Any adaptation of Nosferatu must decide on what can only be called the Mel Brooks question: How far should one indulge in black comic horror and absurdity? Herzog did it in passing, and Eggers certainly does it too, giving Dafoe’s professor a bizarrely long pipe to smoke (perhaps the equivalent of Klaus Kinski’s disturbingly tall wine glass in Herzog’s Nosferatu). And Dafoe’s occasional way of suddenly appearing at the edge of the frame is a little reminiscent of Marty Feldman, although Brooks never wrote anything like the line that Eggers gives to the local innkeeper, screaming at the unruly locals: “May the Spirit of God be.” Fuck off!” The macabre comedy mimics an uncomfortable giggle of fear, avoiding possible ridicule or skepticism and keeping the dust of horror dry. More serious is the assumption that Professor von Franz’s settings are more complicated than we thought.

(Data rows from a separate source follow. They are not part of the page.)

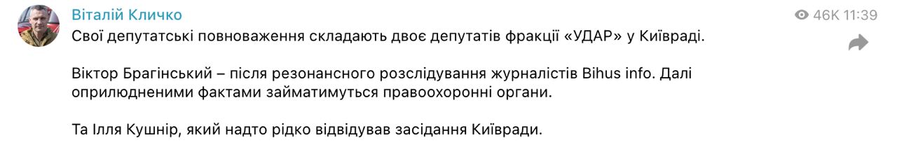 Недавно стало известно, что начальник киевского метро написал заявление на увольнение после. Кличко анонсировал, что Брагинский будет уволен после 10 лет управления метрополитеном из-за фактов, выявленных в расследовании журналистами. Те рассказали о незадекларированном имуществе чиновника на 52 млн грн.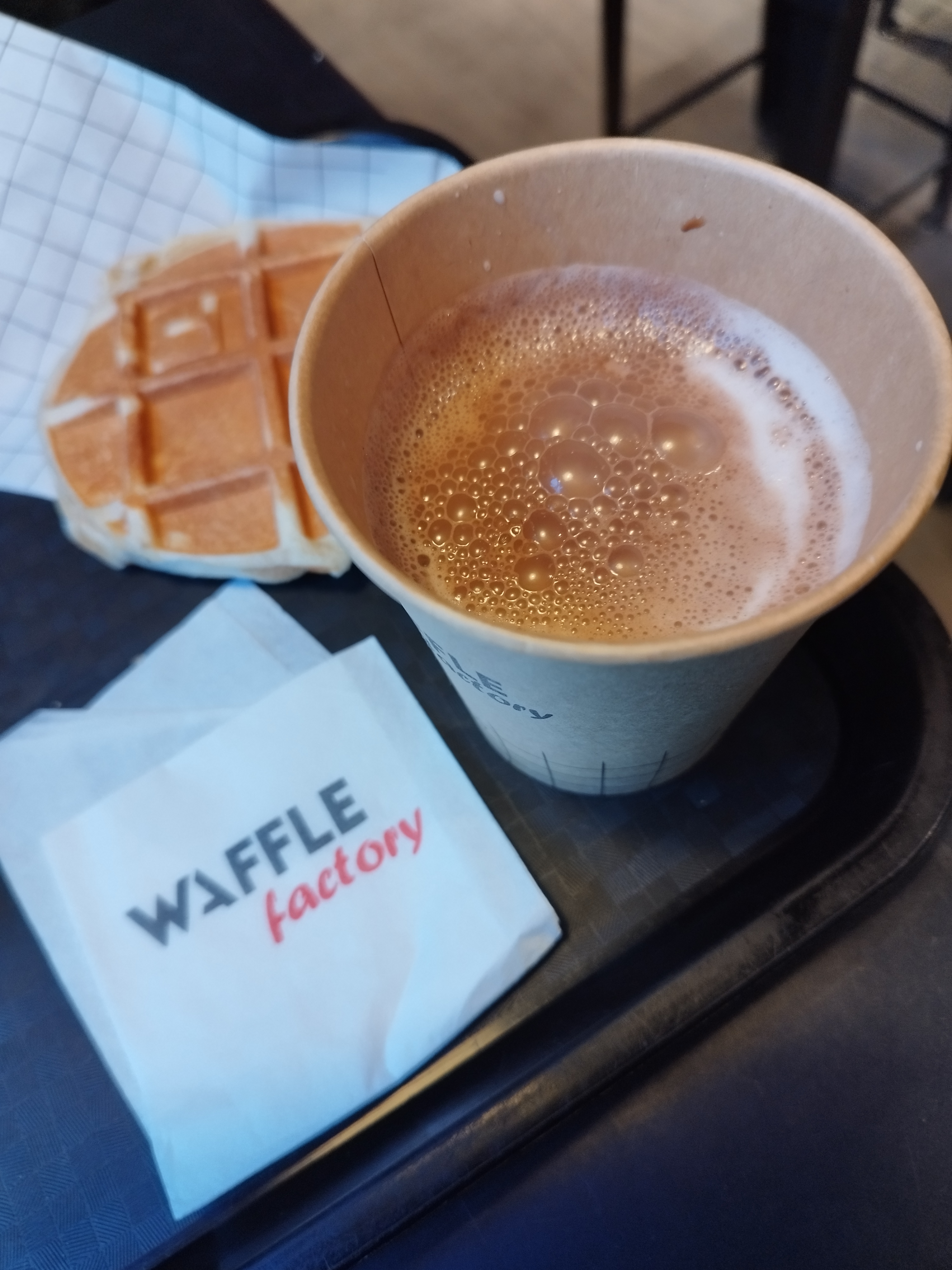J'ai commandé une gaufre avec du chocolat belge et du cappuccino. J'ai reçu du café presque bouillant avec du lait surchauffé et une gaufre bon marché avec une grande quantité de sucre. Je pouvais sentir les cristaux de sucre à l'intérieur de la gaufre. Je ne recommanderais pas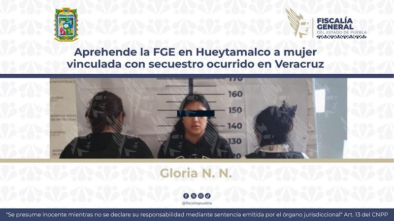 La Fiscalía General del Estado de Puebla cumplimentó una orden de aprehensión en contra de Gloria N. N., de 18 años de edad, acusada del delito de secuestro agravado, ocurrido en el estado de Veracruz.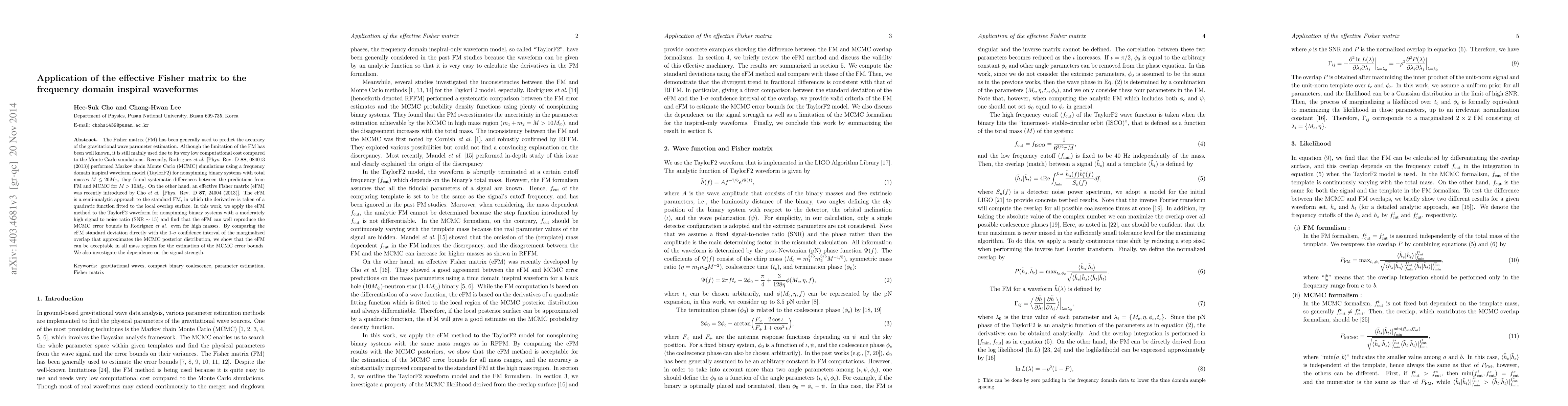 This paper applies the effective Fisher matrix (eFM) method to frequency domain inspiral waveforms, demonstrating that it provides accurate error bounds for gravitational wave parameter estimation, especially for nonspinning binary systems, compared to Markov chain Monte Carlo simulations. The study highlights the importance of considering template-dependent frequency cutoffs in the eFM approach.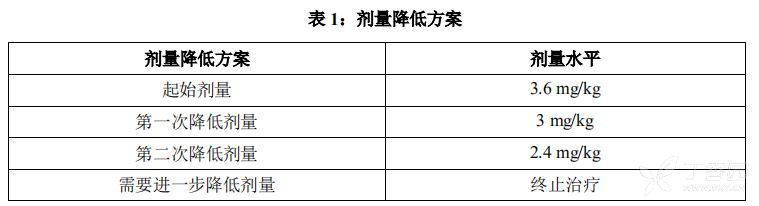 根据表1和表2中的指导进行剂量调整。对症状性不良事件的处理可能需要暂时中断给药、降低剂量或终止本品治疗。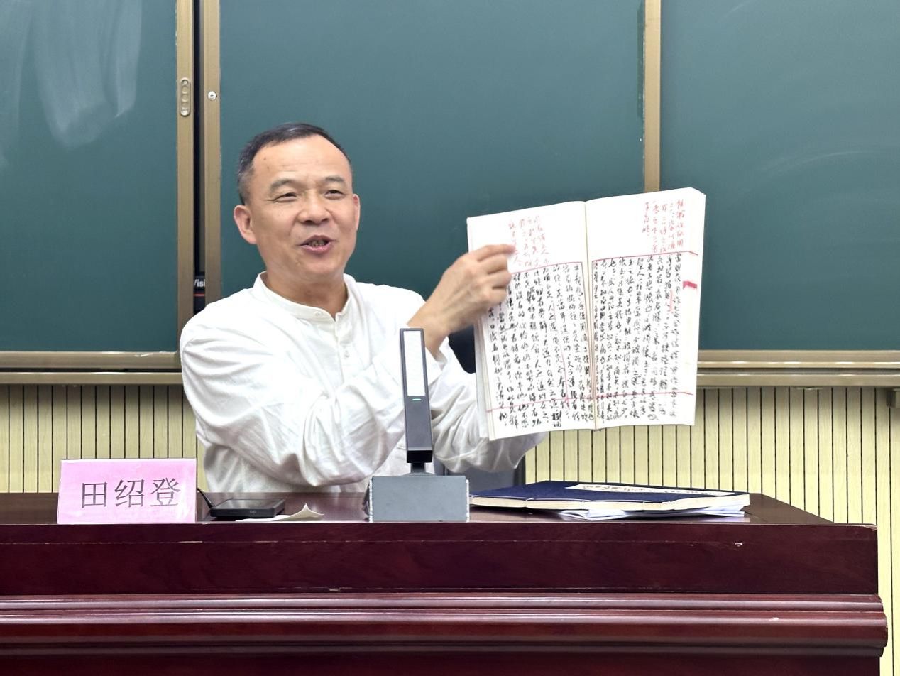 (本网讯)6月5日下午,由宣传统战部、教务处、人文与艺术学院、团委联合举办的美育大课堂在学校二教学楼2J02学术报告厅开讲。湖南美术馆馆长田绍登为师生讲授了一堂题为“从艺术创作到艺术管理:角色转换与价值平衡”的精彩讲座。讲座由副校长郭国强主持。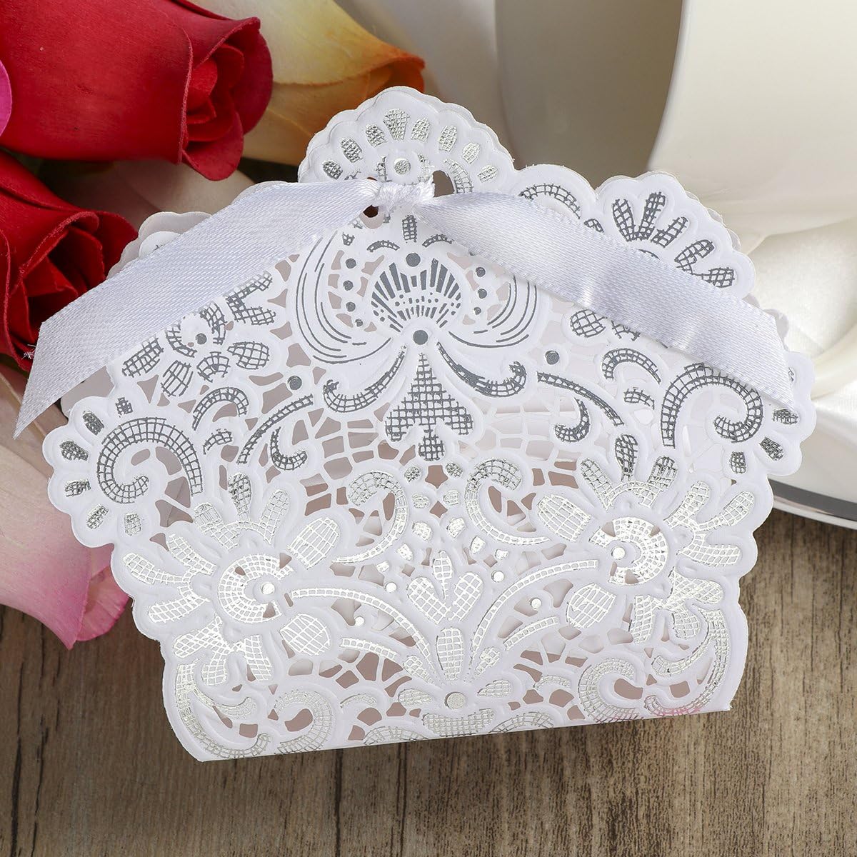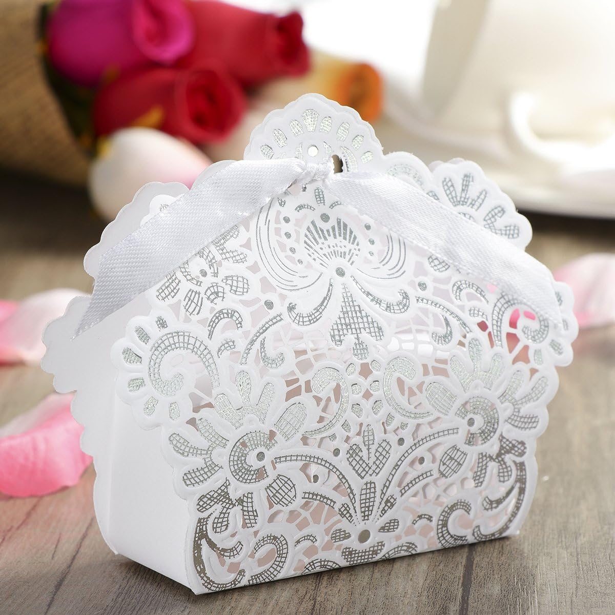 Loisirs Creatifs Vorcool Lot De 50 Boites A Dragees Pour Mariage Avec Rubans Blanc Cuisine Maison Hovdenhoyfjellsenter No

The film is well produced and filmed, with good performances, although for me Skarsgård’s vampire is opaque and off-puttingly cruel without necessarily being as scary as one might expect. Murnau’s creation took the vampire into a more fairytale realm of a demon or monster and away from the novelistic tradition of being a sympathetic, patrician, believable human person. Stoker’s Count Dracula was a distant cousin of literary figures such as Mr. Rochester and Maxim de Winter. Orlok is more abstract and brutal, and needs to be from the start, but I feel that Eggers’ vampire is more stylized and rehearsed, but less insidiously frightening than he needs to be, and that you feel his weakness – his passion – less for Depp’s Ellen – becomes dangerous to him. Whatever psychological intricacies there are are carried over to the Freudian ordeal of Ellen, who is attracted to and disgusted by the vampire, but recognizes how these competing instincts must be reconciled. This is an extensive, detailed love letter to the original, intelligent, respectful and faithful.

Nosferatu releases December 25th in the US and January 1st in Australia and the UK.